Vidigal analisou: "O engraçado é que aqui no Brasil tem muita gente reagindo porque alguns juízes querem que o interrogatório de presos seja feito na sua presença, com o detento sendo levado de carro, em meio ao trânsito congestionado, sem tanta segurança e sujeito a ser arrebatado por um dos grupos criminosos a favor ou contra ele.
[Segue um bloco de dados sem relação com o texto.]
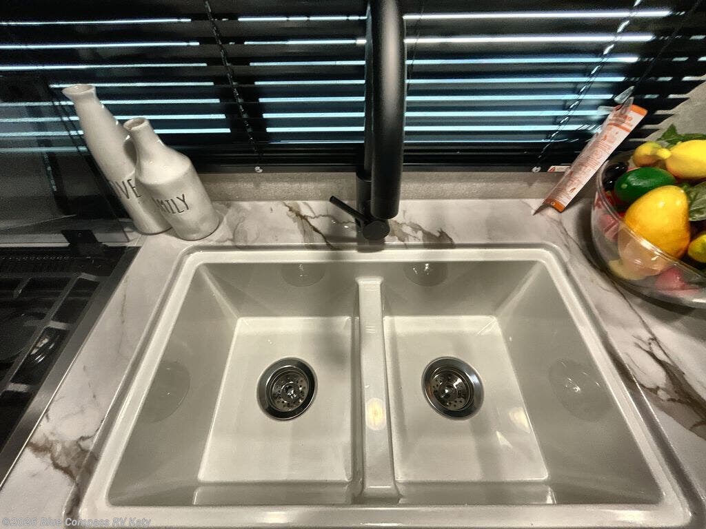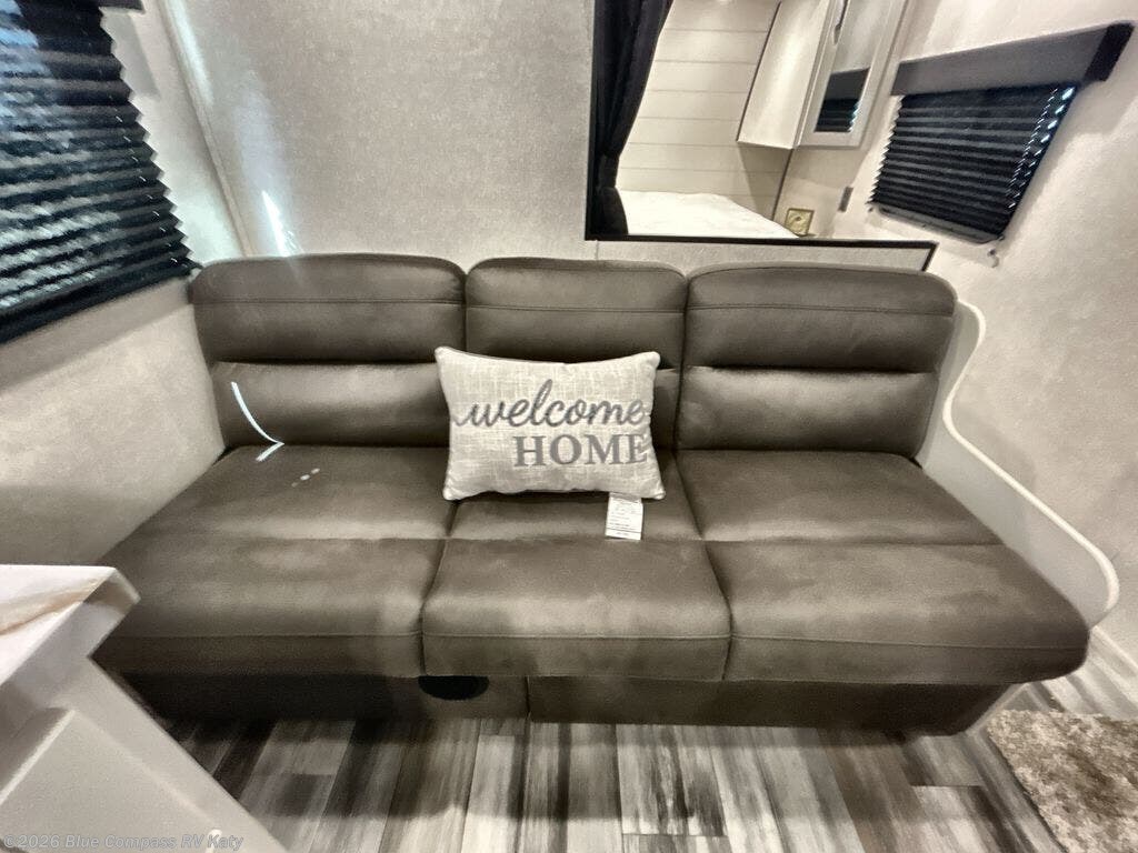You can comfortably sleep eight to ten people in this trailer thanks to the double-size bunks, the RV queen bed in the front bedroom, plus the booth dinette and jack-knife sofa in the main living area! The chef of your crew will have a three burner cooktop and microwave oven to prepare meals, and everyone can store their favorite drinks in the 8 cu. ft. 12V refrigerator. The bathroom includes a shower and a toilet, with the sink just outside of this room so others can brush their teeth if one is taking a shower before bed. The outside storage will let you bring along fishing poles and the 16' power awning with LED lights will create a nice place to gather in the evenings!

Isso sem falar no dinheiro que se gasta, no tempo que se perde ou na morosidade do processo".

O ministro frisou que "isso tudo poderia ser feito através de videoconferência, com o juiz no foro e o preso na penitenciária". Vidigal não admite o argumento de que, com a videoconferência, o preso possa estar respondendo sob coação.

"Há sempre alguém operando a câmera e o depoimento pode ser acompanhado por um defensor público lotado no presídio. O que se quer é não mudar o Poder Judiciário, que tudo continue como está, essa mesma malemolência, esse mesmo retardo, esse atraso mental, esse país na miséria, com suas instituições enfraquecidas. E quando se enfraquece uma instituição democrática, o que se quer é tirar proveito, ganhar dinheiro de forma escusa", finalizou. (STJ)

Revista Consultor Jurídico, 5 de fevereiro de 2004, 13h15

Comentários de leitores

2 comentários

Estou com o Sr. Ministro. Também sou favorável ...

Antonio Fernandes Neto (Advogado Associado a Escritório - Empresarial)

Estou com o Sr. Ministro. Também sou favorável à oitiva do preso através de video-conferência. Economiza transporte, não há adiamento da audiência por faltar a presença do preso (o que acontece amiúde em São Paulo) que não foi "recolhido" por falta de escolta ou veículo para seu transporte. NÃO HAVENDO NECESSIDADE DE ESCOLTA, OS POLICIAIS MILITARES CUMPRIRÃO COM O SEU MISTER, ou seja, FAZER RONDAS NAS RUAS, o que NÃO EXISTE NO CAMPO BELO, aqui em São Paulo. Duas ruas do bairro, Açatunga e Barão do Rego Barros, têm alta incidência de assaltos à pessoa, "sequestros relâmpagos", furtos e roubos de veículos e de residências, de manhã, de tarde e de noite. As polícias, tanto a civil quanto a militar, têm amplo conhecimento disso, mas não se vê um policial sequer nesses locais. Será que os moradores desses logradouros terão de formar milícias para se protegerem, já que a "polícia" inexiste nesses locais, apesar de o bairro ter uma Delegacia e um Posto Policial Militar 24 horas, instalado no terreno do Corpo de Bombeiros local e um "quartel" na Rua República do Iraque? Parece que sim, não é, srs. delegados e comandantes militares???

Vivemos num momento de intensas contradições......

Marcelo Antonio Alves ()

Vivemos num momento de intensas contradições... Enquanto o Judiciário paulista ainda controla seus processo fazendo uso de fichas de papel, outros querem usar videoconferência.